Task statement: Transcribe nothing except the lines below that run from the one with "BKS Einsteckschloss B-23200-02-L-8" to the one with "而我国住宅全装修的历史较短,全装修住宅在", ends included, and do not copy any picture.

Dataset records:
╔══
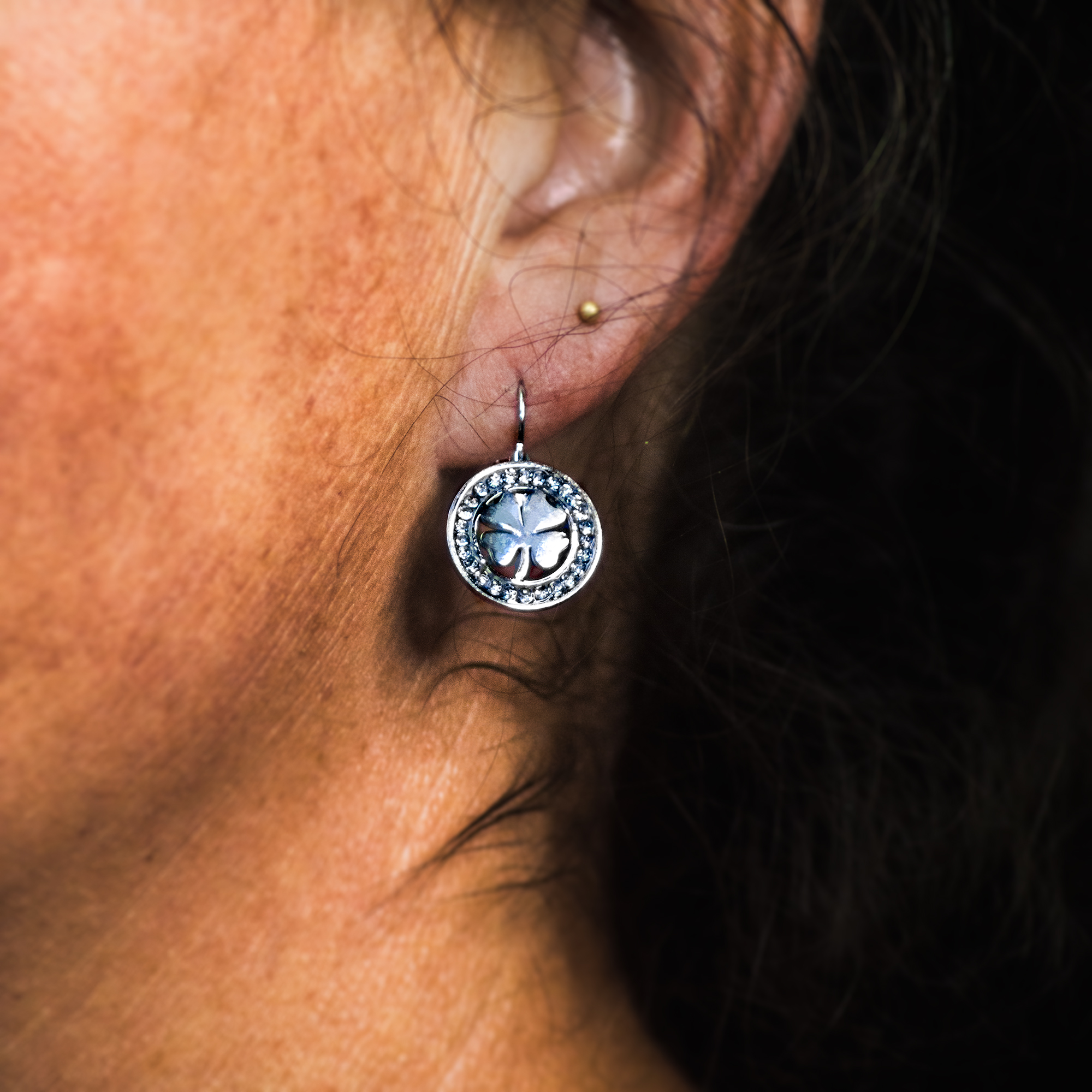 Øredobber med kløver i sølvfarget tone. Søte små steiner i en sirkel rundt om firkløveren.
╚══
╔══
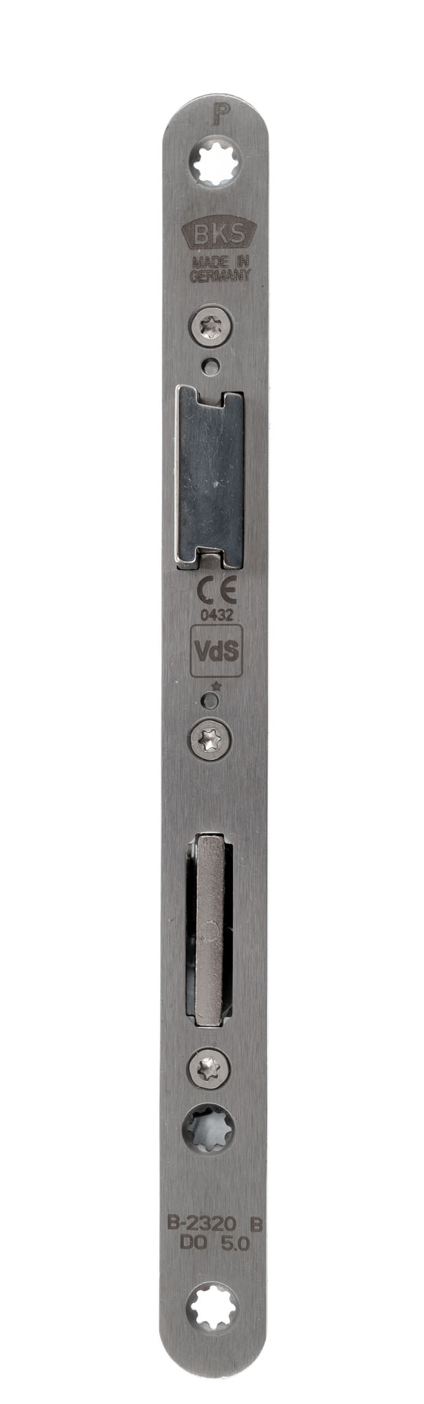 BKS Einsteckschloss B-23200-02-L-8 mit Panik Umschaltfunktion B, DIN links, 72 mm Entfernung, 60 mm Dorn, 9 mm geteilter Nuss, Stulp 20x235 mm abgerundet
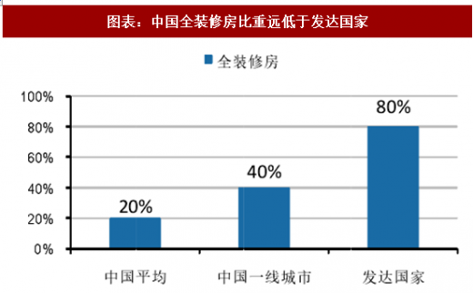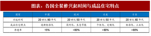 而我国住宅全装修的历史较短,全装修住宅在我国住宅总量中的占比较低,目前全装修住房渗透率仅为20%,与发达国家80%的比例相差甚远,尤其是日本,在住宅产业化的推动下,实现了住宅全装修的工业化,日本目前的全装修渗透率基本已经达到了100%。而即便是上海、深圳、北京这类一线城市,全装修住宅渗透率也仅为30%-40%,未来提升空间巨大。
╚══
Exercise solution:
 BKS Einsteckschloss B-23200-02-L-8 mit Panik Umschaltfunktion B, DIN links, 72 mm Entfernung, 60 mm Dorn, 9 mm geteilter Nuss, Stulp 20x235 mm abgerundet
 而我国住宅全装修的历史较短,全装修住宅在我国住宅总量中的占比较低,目前全装修住房渗透率仅为20%,与发达国家80%的比例相差甚远,尤其是日本,在住宅产业化的推动下,实现了住宅全装修的工业化,日本目前的全装修渗透率基本已经达到了100%。而即便是上海、深圳、北京这类一线城市,全装修住宅渗透率也仅为30%-40%,未来提升空间巨大。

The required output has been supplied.